A PRIVATARIA EM SALVADOR E A ENGRENAGEM DA EXCLUSÃO SOCIAL
Aquela medida traumática, numa cidade historicamente excludente, foi apresentada como “organização” do espaço público. Anos depois, o que se vê é o movimento inverso e complementar: a substituição do trabalho popular por um modelo de concessões privadas de larga escala. Sai o trabalhador tradicional, entra o operador empresarial.
O que ocorre hoje na orla não é pontual. É a consolidação de um projeto de cidade no qual o espaço público deixa de ser território de convivência e passa a ser ativo econômico.
Reportagem recente do Bahia Notícias informa a concessão de 1,5 km da orla de Jaguaribe à iniciativa privada, sob gestão da empresa Orla Salvador, ligada ao grupo empresarial conhecido como “Rei da Praia”. O contrato, somado a outras áreas já administradas pelo mesmo grupo, amplia de forma significativa a concentração da gestão de trechos estratégicos do litoral soteropolitano.
Esse processo tem nome conhecido na história brasileira: privataria — quando bens coletivos são transferidos gradualmente à exploração privada sob o discurso de modernização, eficiência e ordenamento.
Não se trata apenas de quiosques ou barracas. Quando longos trechos da orla passam a ser operados por empresas, o que muda não é só a gestão — muda quem pode permanecer e trabalhar ali.
A concentração de áreas sob uma mesma administração cria um domínio quase monopolista sobre espaços que sempre foram marcados pela diversidade de usos, práticas culturais e formas de sustento. Pequenos empreendedores encontram cada vez mais barreiras para se adaptar às novas regras, enquanto trabalhadores historicamente ligados à praia perdem espaço.
Além disso, não há clareza sobre mecanismos efetivos de inclusão ou prioridade para os antigos barraqueiros e moradores que dependem economicamente da orla. Críticas de parlamentares e grupos comunitários apontam que o modelo pode aprofundar desigualdades ao exigir capital, padronização e formalizações que excluem justamente quem sempre ocupou esses territórios.
Não é apenas uma questão de “gestão eficiente”. Concessões extensas e de longo prazo transformam patrimônio público em ativo de mercado, reorientando a lógica da orla: de espaço de uso coletivo para zona de exploração econômica.

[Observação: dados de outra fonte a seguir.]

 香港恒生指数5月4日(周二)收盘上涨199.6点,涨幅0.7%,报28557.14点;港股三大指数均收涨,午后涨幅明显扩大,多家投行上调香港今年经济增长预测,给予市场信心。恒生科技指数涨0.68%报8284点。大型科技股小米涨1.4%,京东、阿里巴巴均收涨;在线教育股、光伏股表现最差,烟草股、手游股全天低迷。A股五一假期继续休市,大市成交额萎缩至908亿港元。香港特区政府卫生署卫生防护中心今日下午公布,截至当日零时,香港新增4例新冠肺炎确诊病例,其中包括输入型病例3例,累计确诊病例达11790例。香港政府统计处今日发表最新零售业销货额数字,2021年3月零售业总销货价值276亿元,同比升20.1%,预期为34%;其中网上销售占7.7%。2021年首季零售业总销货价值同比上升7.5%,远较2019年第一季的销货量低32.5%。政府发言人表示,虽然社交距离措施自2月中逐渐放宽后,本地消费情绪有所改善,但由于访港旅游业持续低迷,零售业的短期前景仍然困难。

A praia segue formalmente pública, mas passa a ser socialmente filtrada.
Esse movimento ocorre paralelamente a outros conflitos urbanos recentes — como impasses em áreas costeiras, sombreamento das praias por empreendimentos e o avanço da especulação imobiliária — compondo um cenário de crescente pressão sobre os espaços comuns.
A questão central não é ser contra melhorias ou investimentos. É perguntar:
Melhorias para quem? Investimentos para qual modelo de cidade?

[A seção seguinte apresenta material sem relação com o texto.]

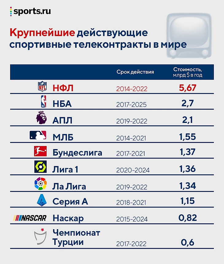 Казалось, что АПЛ – единственная неамериканская лига, которая может хотя бы приблизиться к медиадоходам спорта в США. С 2016-го по 2019-й телеконтракт приносил ей 1,7 млрд фунтов (2,35 млрд долларов), но с 2019-го – лишь 2,1 млрд долларов. И на второе место в мире вышел телеконтракт НБА на 2,7 млрд долларов.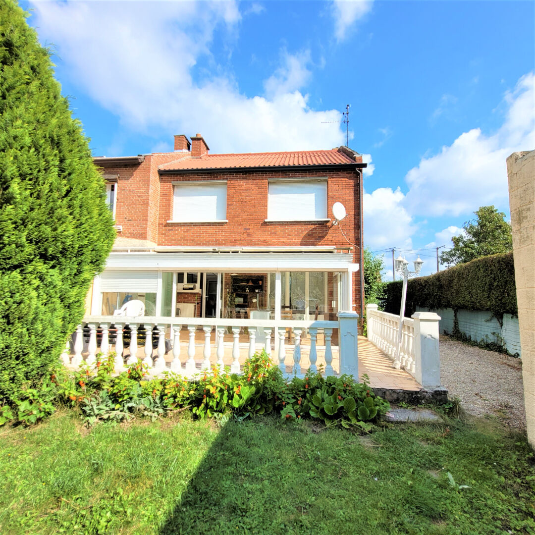 Maison semi-individuelle de type année 60 à rafraîchir, bâti sur 761m², en retrait de rue, offrant un hall d'entrée, un wc, une cuisine équipée, un séjour traversant et lumineux, ainsi qu'une véranda. A l'étage, le palier dessert 3 chambres et ...

Quando o acesso ao espaço passa a ser mediado pelo consumo, o direito à cidade é substituído pelo poder de compra. E numa cidade marcada por profundas desigualdades sociais e raciais, isso significa restringir, na prática, a presença de parcelas significativas da população.

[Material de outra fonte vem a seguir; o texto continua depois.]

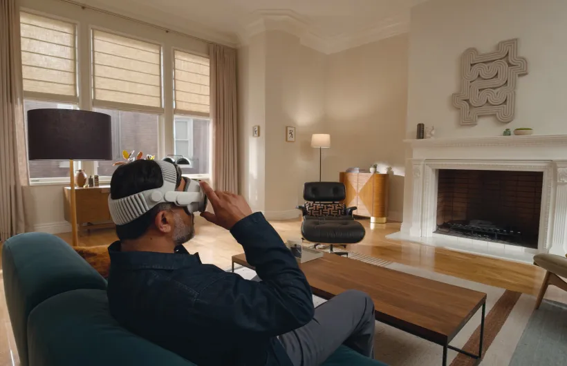 In visionOS, apps fill the space around you, beyond the boundaries of a display. They move anywhere, scale to the perfect size, react to the lighting in your room, and even cast shadows.

Resta a pergunta fundamental: qual deve ser o papel do Estado?
Se a atração de investimentos privados é uma escolha de gestão, ela não pode ocorrer à custa da exclusão social. Garantir que trabalhadores tradicionais, moradores e a população em geral continuem usufruindo plenamente da orla não é detalhe — é o que define se a cidade está sendo governada como bem comum ou administrada como portfólio de negócios.